=== ENTRIES SUPPLIED ===

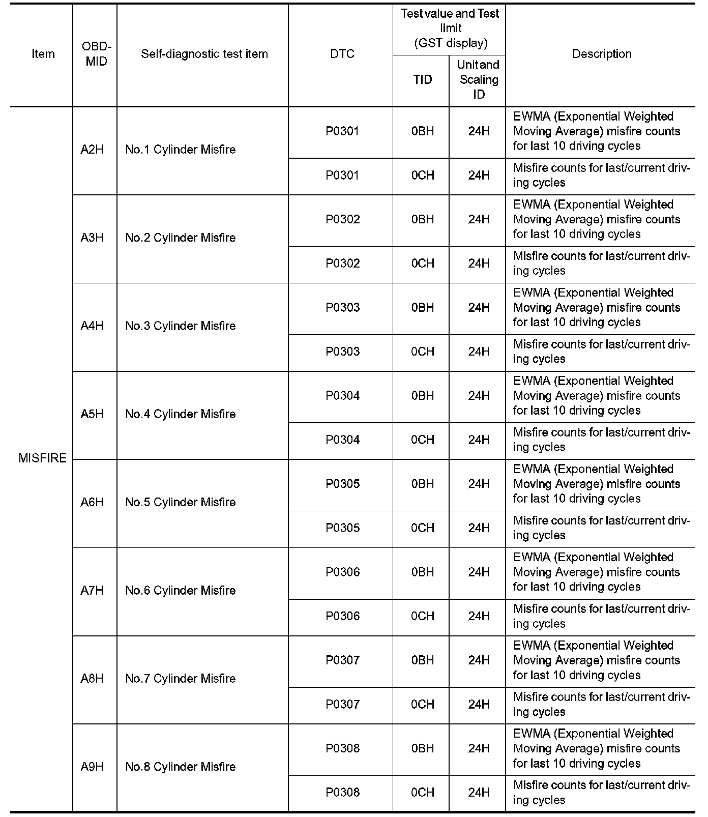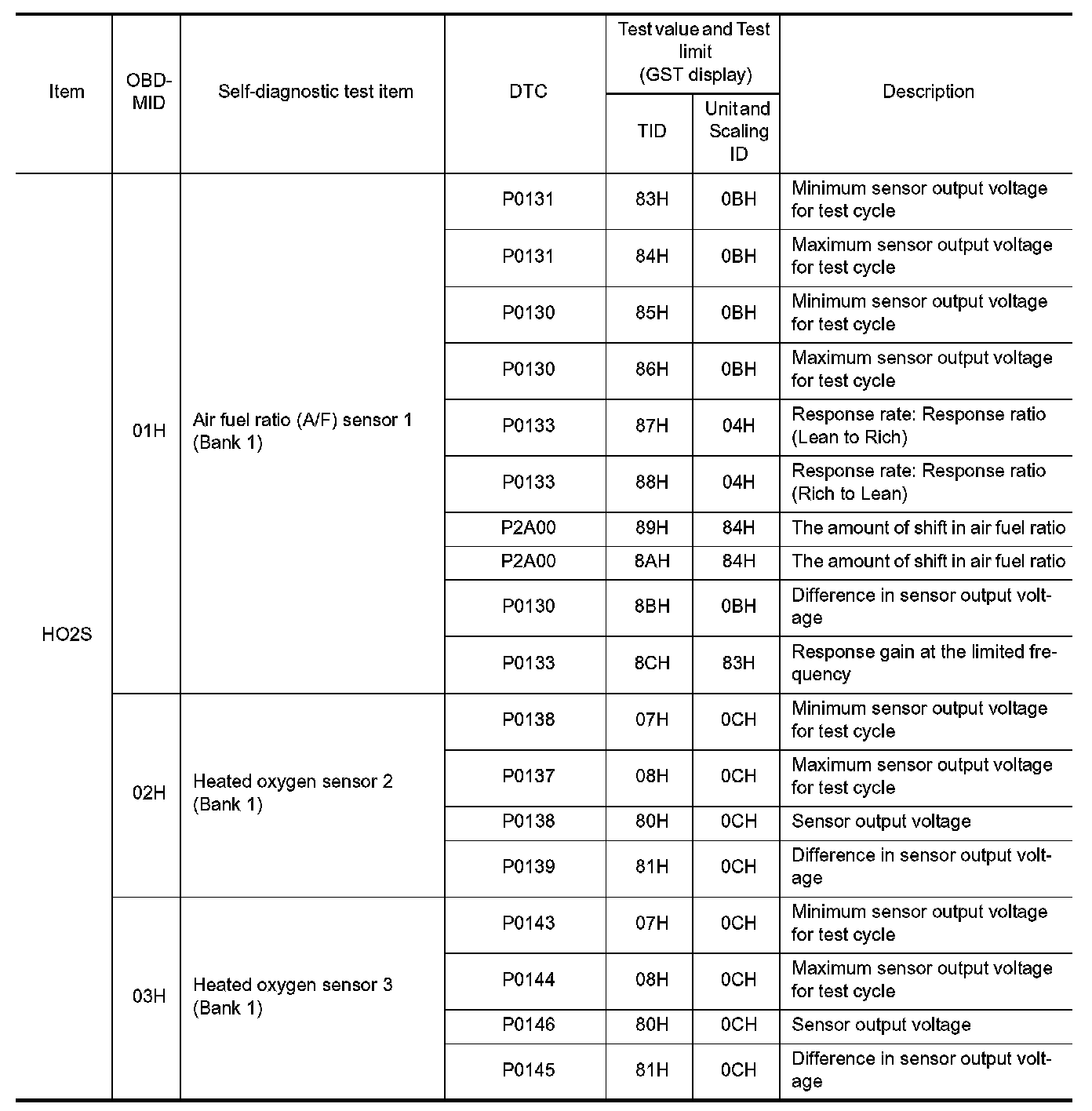 These data (test value and test limit) are specified by On Board Monitor ID(OBDMID), Test ID (TID), Unit and Scaling ID and can be displayed on the GST screen.
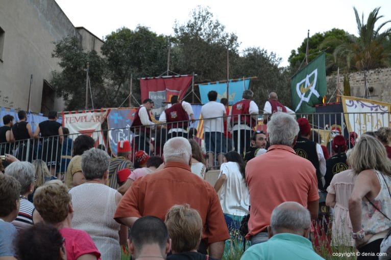 Izada de estandartes en las fiestas de Moros y Cristianos de Dénia.
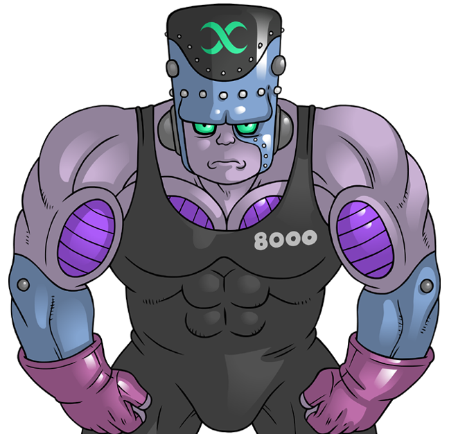 Androide 8000 teve como modelo o Androide 8 e, como seu modelo, lembra muito o Monstro de Frankenstein.
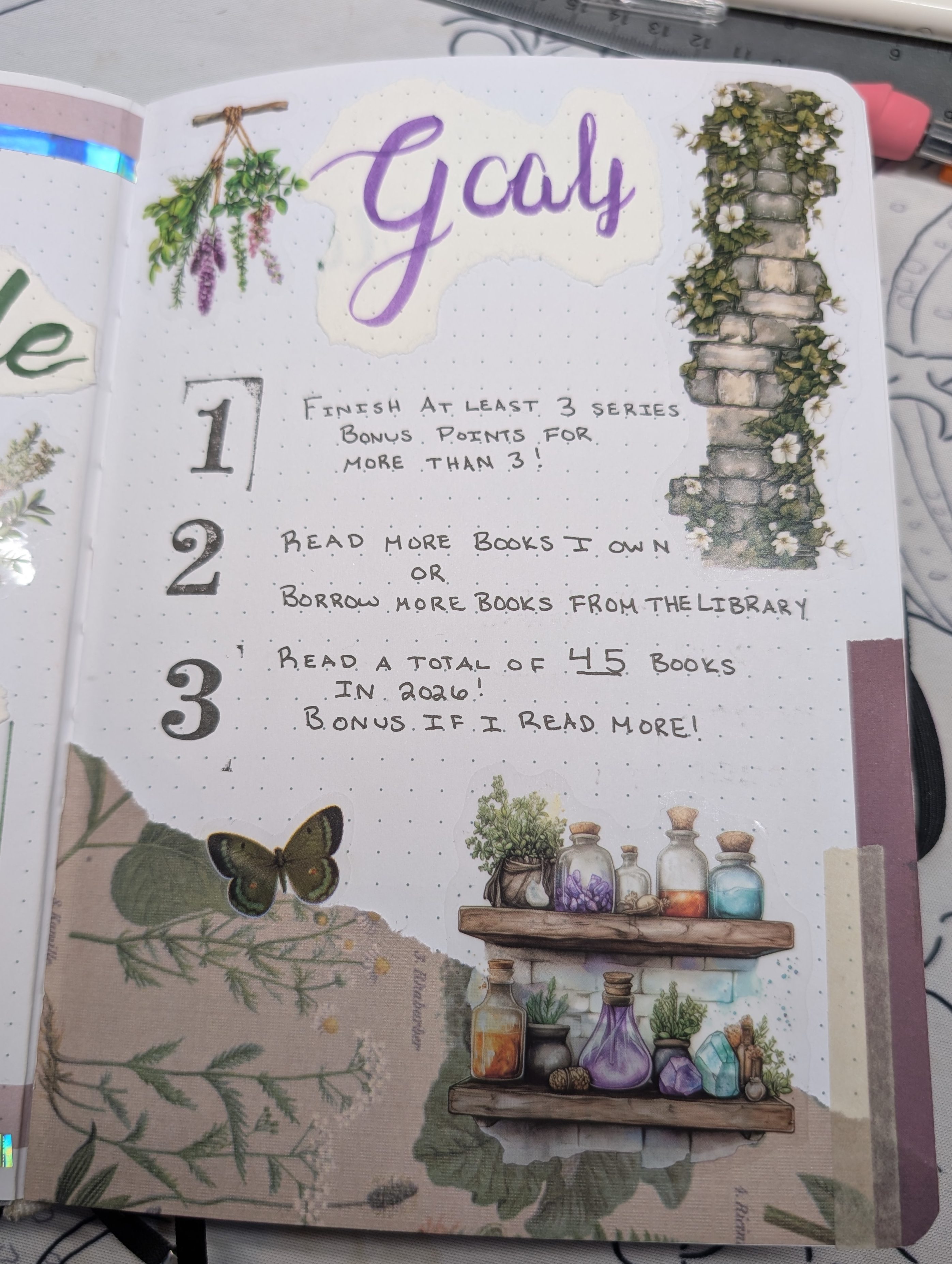 The title page! I want you to know that I re-did this entire page. Originally, I had this little door and a window and what looked like an old cottage type style, but I hated it. Every time I made a new spread, and I looked at that page, I was like, “this is just not fitting the vibe”. In the end, this is what I created. I did hand-lettering for the first time through this journal so it’s not perfect but I had fun. I went with an apothecary/botanical theme for 2026 (last year it was an academic theme).
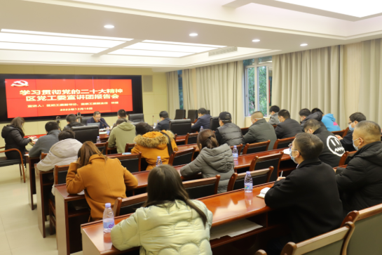 12月16日下午,区党工委宣讲团成员、区纪工委副书记、监察工委副主任林健赴村镇办宣讲党的二十大精神。村镇办班子成员、机关支部党员、博海湾社区两委干部共30余名党员参加学习。
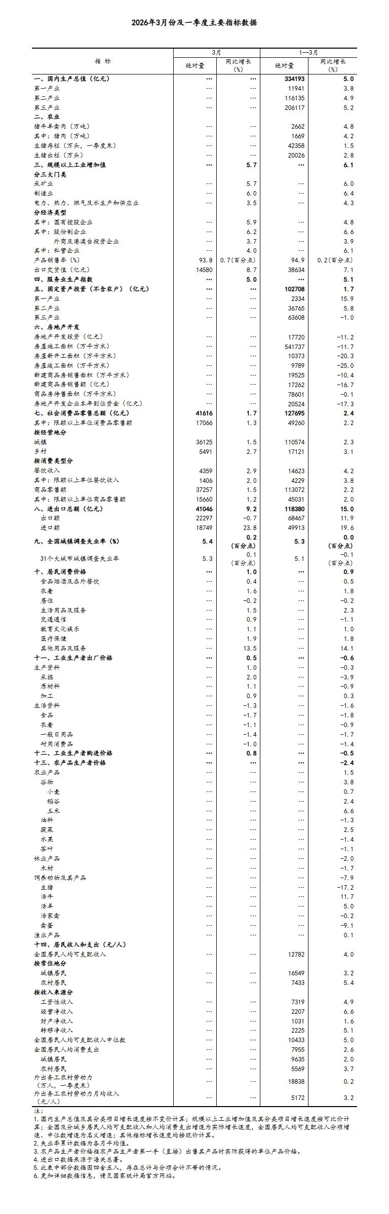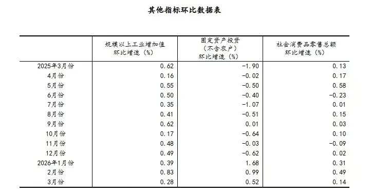 (2)根据季节调整模型自动修正结果,对近一年来各期国内生产总值、规模以上工业增加值、固定资产投资(不含农户)、社会消费品零售总额环比增速进行修订。修订结果及2026年一季度GDP环比数据、2026年3月份其他指标环比数据如下:
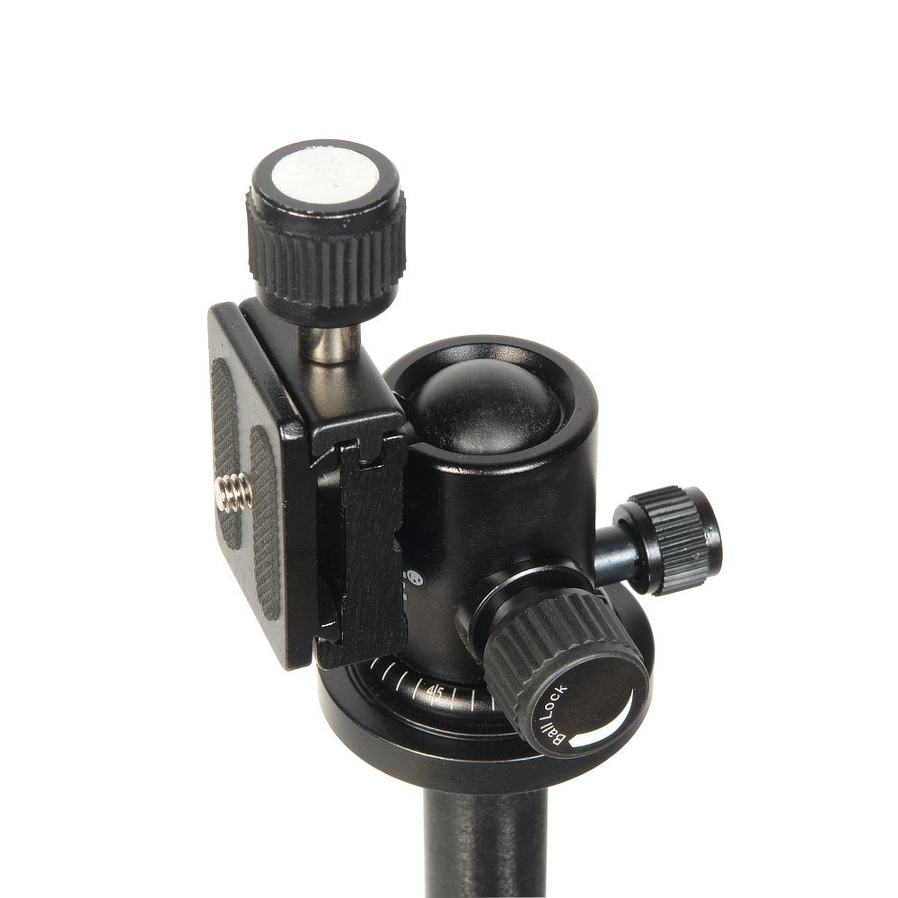 Плавно поворачивать камеру на 360° вокруг своей оси позволяет шаровая штативная голова, установленная на платформу со шкалой для горизонтального панорамирования. Голова сменная, выполнена из алюминиево-магниевого сплава. Регулировочный винт помогает надежно зафиксировать ее в нужном положении. Шаровая конструкция с вертикальным пазом дает возможность изменять наклон площадки с камерой в пределах –90 до +45°. Быстросъемная площадка оборудована винтом 1/4” для установки оборудования и предохранителем от случайного перемещения.

===

*WHAT YOU WILL DO*. When you reach the line that has "12月16日下午,区党工委宣" in the data above, start repeating lines exactly, and stop after the line that has "(2)根据季节调整模型自动修"; pictures stay out.

*ANSWER FOR THIS EXERCISE*.
 12月16日下午,区党工委宣讲团成员、区纪工委副书记、监察工委副主任林健赴村镇办宣讲党的二十大精神。村镇办班子成员、机关支部党员、博海湾社区两委干部共30余名党员参加学习。
 (2)根据季节调整模型自动修正结果,对近一年来各期国内生产总值、规模以上工业增加值、固定资产投资(不含农户)、社会消费品零售总额环比增速进行修订。修订结果及2026年一季度GDP环比数据、2026年3月份其他指标环比数据如下:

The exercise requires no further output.